Thirty years later the feeling is different. Israel now is to experience, in all its multiplicity, without coherence; it is to observe and listen to, in its many voices; it is to meditate over. It cannot be otherwise.
Having denied coherence, the resulting book is therefore scattered in its approach. Being in Israel has taken him back to his Orthodox Jewish upbringing, about which he muses in a manner he has not quite done before—it’s not something he has escaped but a part of him; he comes up with quaint little childhood episodes he had forgotten or never written about before. Grandfather Shmariyahu, whom he had regarded a petty thief, comes to mind, not negatively this time, and the other grandfather, Rabbi Jehudah Rosenberg, drawing a picture of a man on a horse, wearing a wide hat in the manner of a Hasidim; he is led to puzzle over the bizarre politics of the Israeli nation with its multiple factions; he dwells on the contentious political history of the land; he describes his meetings with Montreal friends from Habonim who had made aliyah (when he hadn’t). He meets Canadians and Americans, with whom he shares a North American Jewish culture and past. He treads gingerly, sensitivities are high. He does not presume to judge; if there is irony or satire in what he reports, it is of the mildest form. Throughout, he is seen by the Israelis he meets as a familiar, a fellow Jew and one of them, and also as a stranger, a North American against whom there runs a current of resentment and envy. “Do you own an aeroplane?” asks a taxi driver. There is not that much to see in Israel, unless you are a Bible scholar, but a lot of talking to listen to. A cacophony of opinion, a tangle of detail.

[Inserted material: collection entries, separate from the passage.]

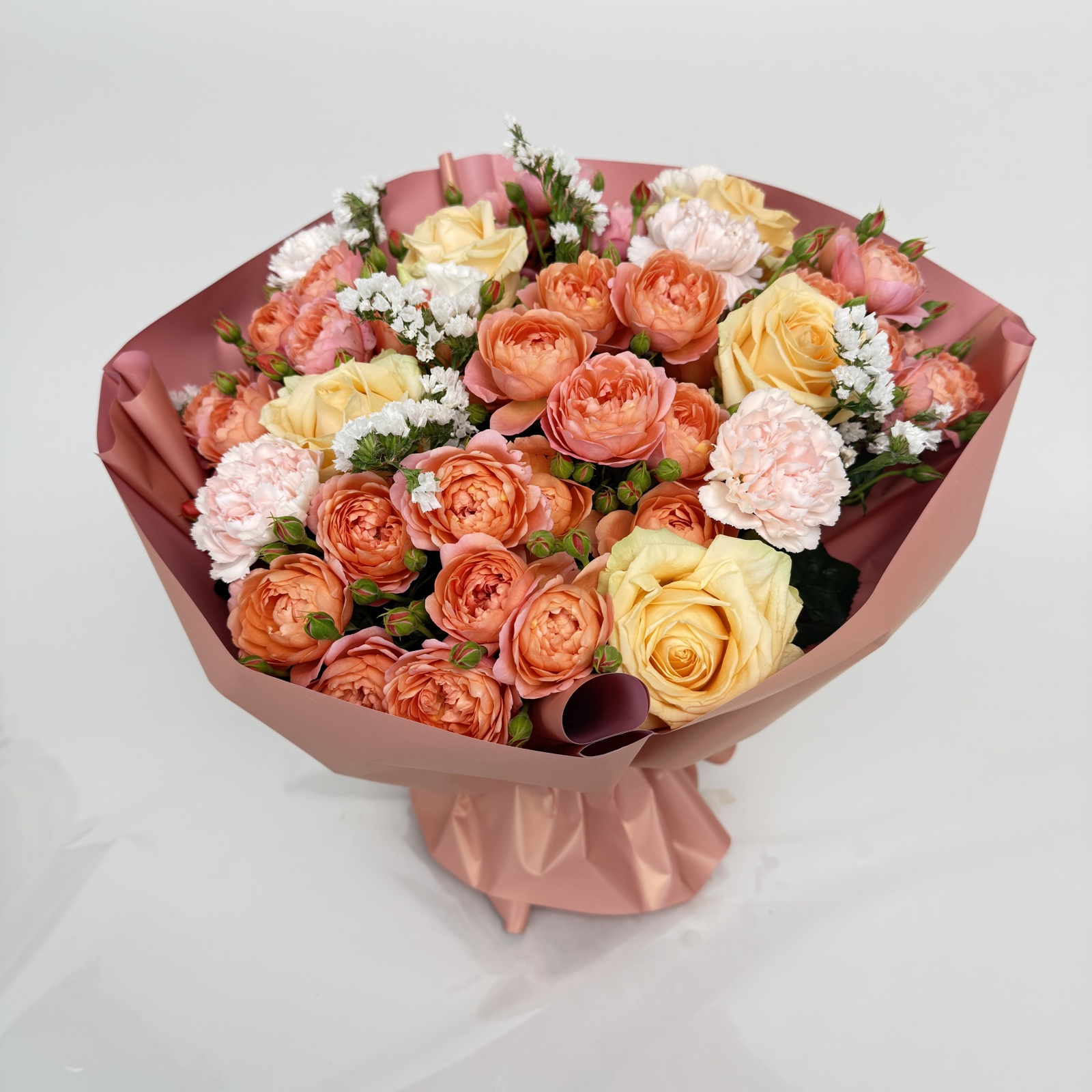 Состав: роза 5, гвоздика 5, роза кустовая 5, хризантема кустовая 2, рускус 0,5 и прочее. под заказ
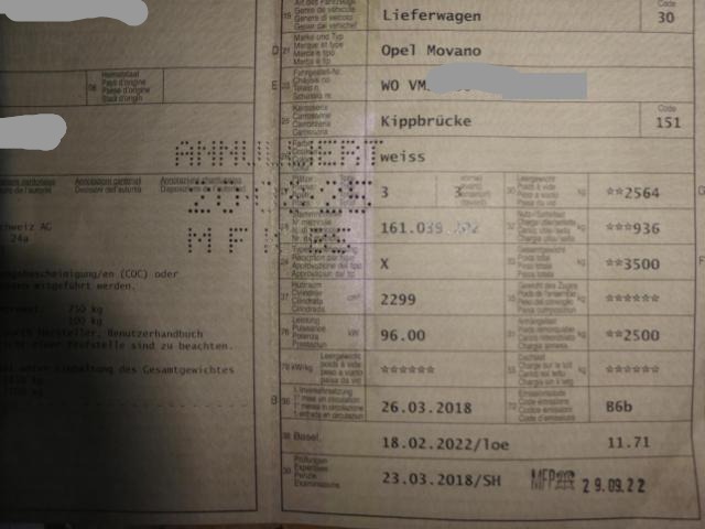 Opel Movano B Pritsche/Kipper/Koffer (2010->) Kipper 3,5t
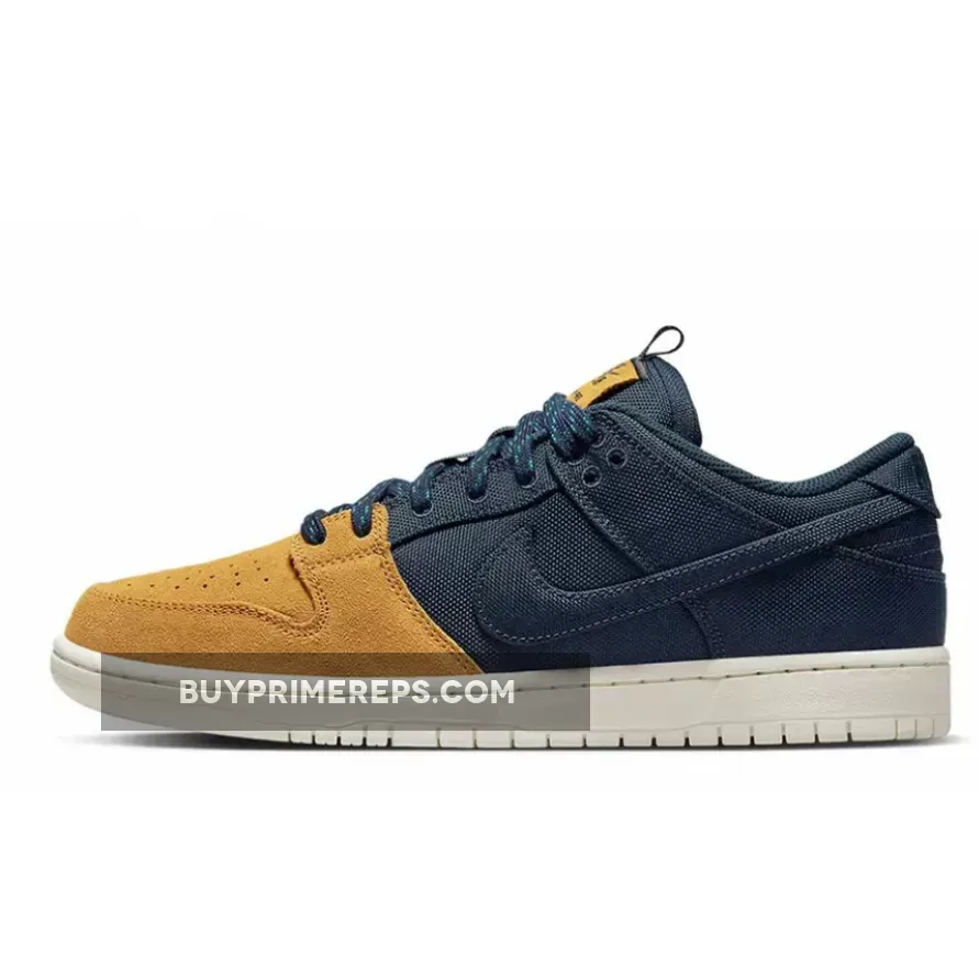 Nike SB Dunk Low Midnight Navy Desert Ochre is the latest addition to Nike’s lineup of skateboarding sneakers. This unique colorway combines Midnight Navy, Desert Ochre, Sail, Green Abyss, and Black, creating a striking and eye-catching design.

One of the most moving moments in the book is Richler’s meeting with his former Habonim leader Ezra Lifshitz, whom he has not seen in four decades. Ezra, a former McGill engineering student, made aliyah in 1952, arriving at Kibbutz Urim, in the desert, near Gaza. As Richler describes it, not a pretty place and a very far cry from Westmount, where he only recently lived, and his large multiroom retreat in the Eastern Townships by Lake Memphremagog. Kibbutz Urim has six hundred members who work six days a week in their fields or in their mills, and have communal meals in, when Richler discovers it, “an unpleasantly hot dining hall, just about everybody in shirts and shorts and sandals, everybody helping themselves to food out of long metal trolleys.” Ezra is sixty-six and works from eight to four every day at the textile mill, even though he doesn’t have to, but just to be useful. “Do you ever yearn for Montreal?” Mordecai asks. “If somebody offered me a million bucks,” comes the reply, “I wouldn’t go back. I wouldn’t know what to do. Here I’m part of something.” He doesn’t know how much he is paid, but he is sure he is in the black. He supports a Palestinian state. “Poor bastards have nothing. In Gaza you could probably sell a five-year-old toothbrush.…”

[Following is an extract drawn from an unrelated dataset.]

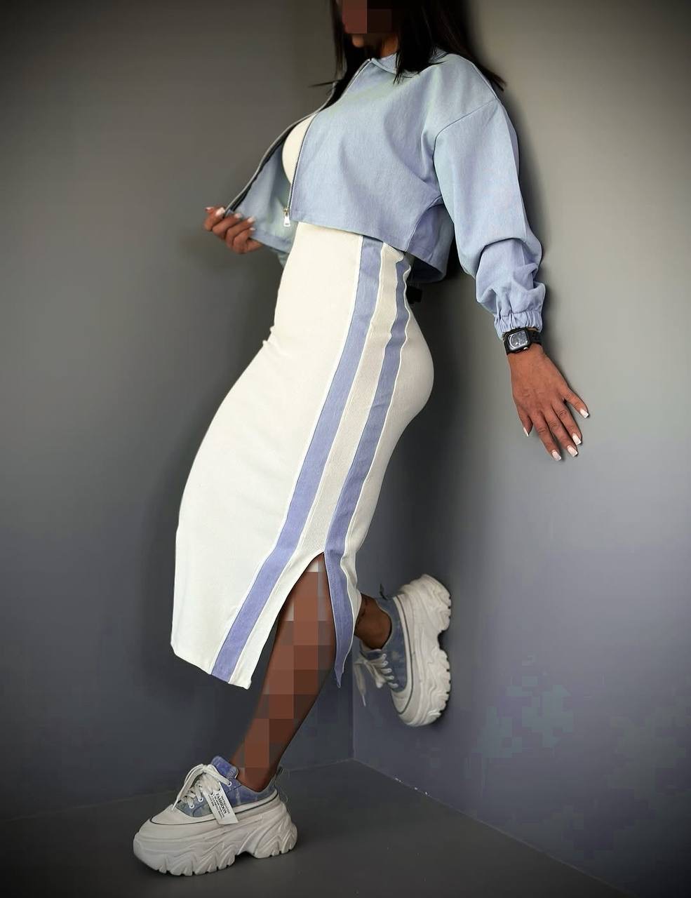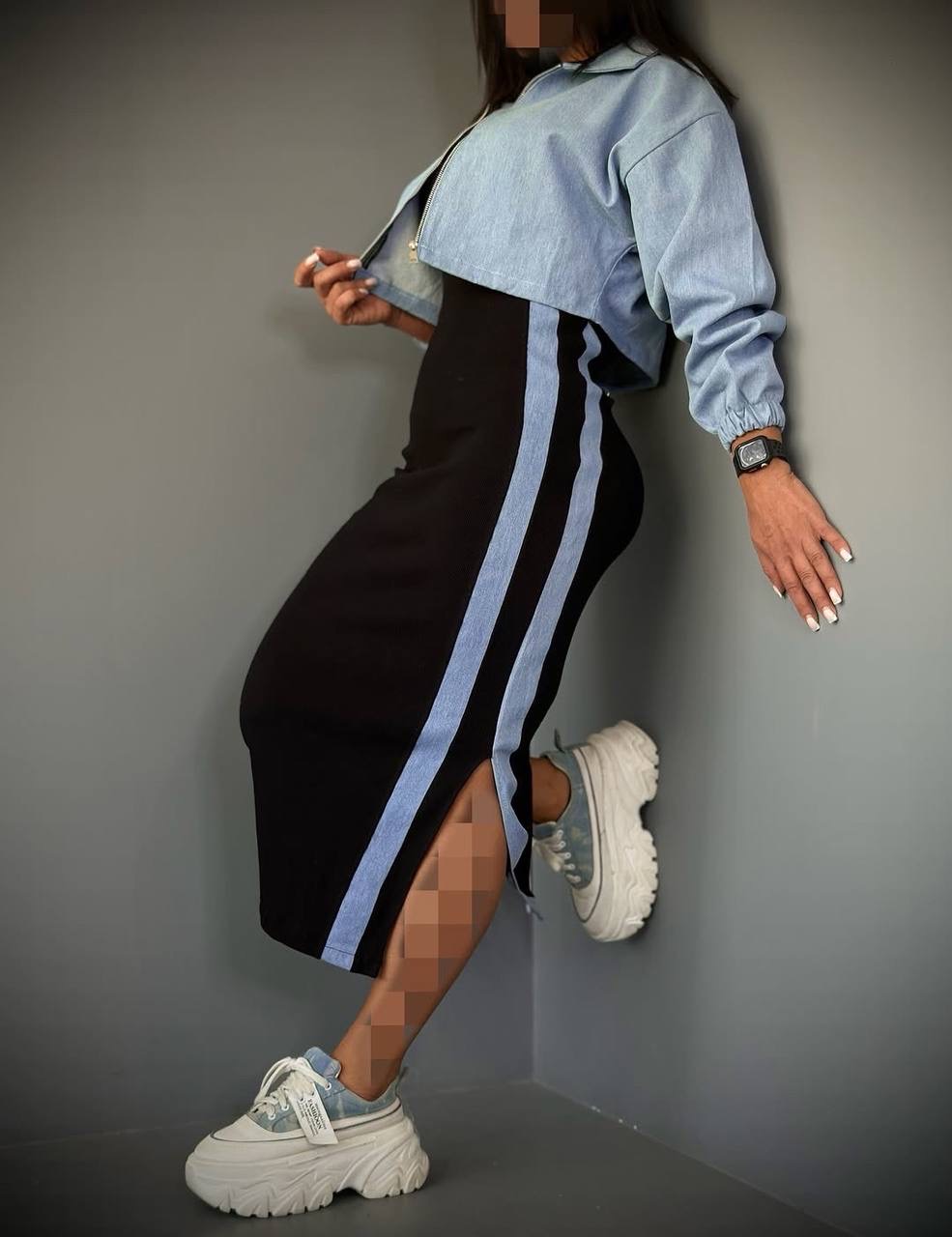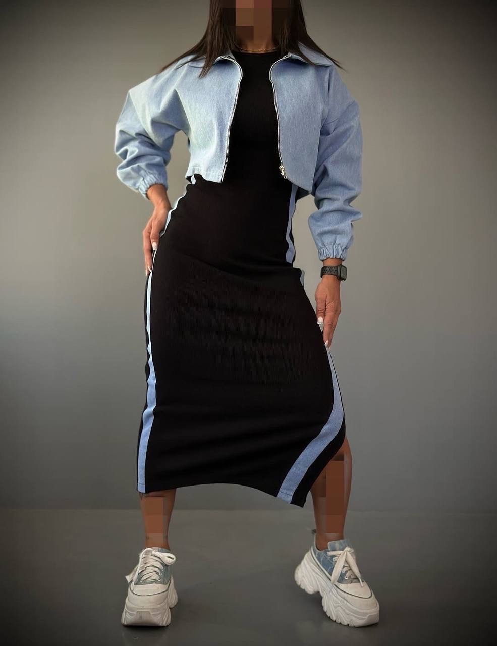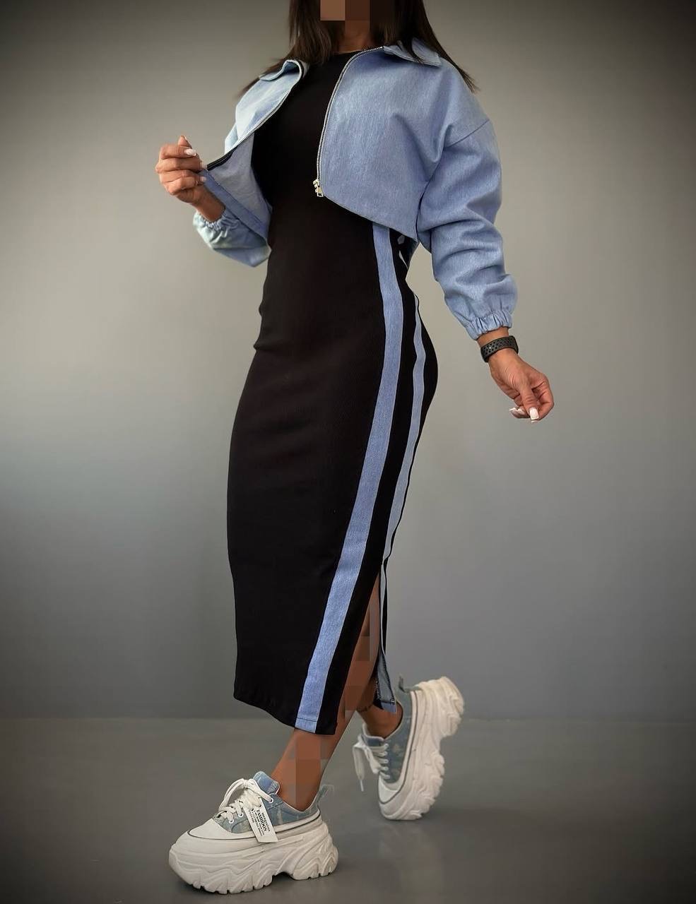 ست دوتیکه سارافون و کت جین زنانه

When he returns to his room, having spent a night at the kibbutz, Richler reports to Florence that he has never been in the presence of so many good souls before—or eaten such unspeakably bad food. And he tells her Ezra’s last words to him: “I’ve been here forty years last March, and I still believe in it.”
He meets Sol and Fayge, two other former Habonim Montrealers, who made aliyah in 1950. “The dream has gone sour,” Sol says at one point but does not elaborate. He later adds, “You’re sitting and listening to the radio and you’re fighting Scuds with Sellotape.” All their children fought in the 1973 Yom Kippur War. Sol works for a support group helping runaway kids from ultra-Orthodox families. Richler observes, as he recalls this meeting at an Israeli-Arab restaurant: “It didn’t strike me until later that neither Sol nor Fayge had asked me any questions about Canada, or about how Montreal had changed since they had left it forty-two years before. Difficult as it was, I had to accept that in some ways Canada was now the irrelevant Old Country for them, the way Galicia was for my grandparents.”
Waiting for his cousin Benjy at a restaurant in Little Italy, sipping a much-needed Scotch, he is led to brood over the memory of the tyrant, his grandfather Shmariyahu. It was Benjy’s father, Uncle Joe, who had told fourteen-year-old Mordecai he could not touch his grandfather’s coffin. Benjy made aliyah in 1960. When Richler during his 1962 trip asked Benjy why he left Canada, Benjy had replied that he believed all the Jews would have to leave Canada. “It’s not our country.” Just the other day, at the Kibbutz Urim, a group of kids had asked Richler would he come to Israel if there was a Holocaust in America. Now Benjy is assistant director at the Jewish National and University Library, working with ancient manuscripts. Still very much a religious Jew, he gives Mordecai a long and interesting lecture on his work. When they part, he presents Mordecai with two books: one, Benjy’s own beautifully illustrated Hebrew Manuscripts: A Treasured Legacy, inscribed, “To Motl, from Benjy, This is what keeps me going.” The other, “compounding my pleasure,” Richler says, a recently published Hebrew edition of his grandfather Jehudah Rosenberg’s tales of the Golem and the Maharal of Prague. Lily would have been pleased too.
Throughout his stay, there comes news of terrorist killings. A computer expert bludgeoned to death at a Jewish settlement in Gaza; a Jew stabbed at a bus stop; a woman of fifty-seven stabbed five times in the back.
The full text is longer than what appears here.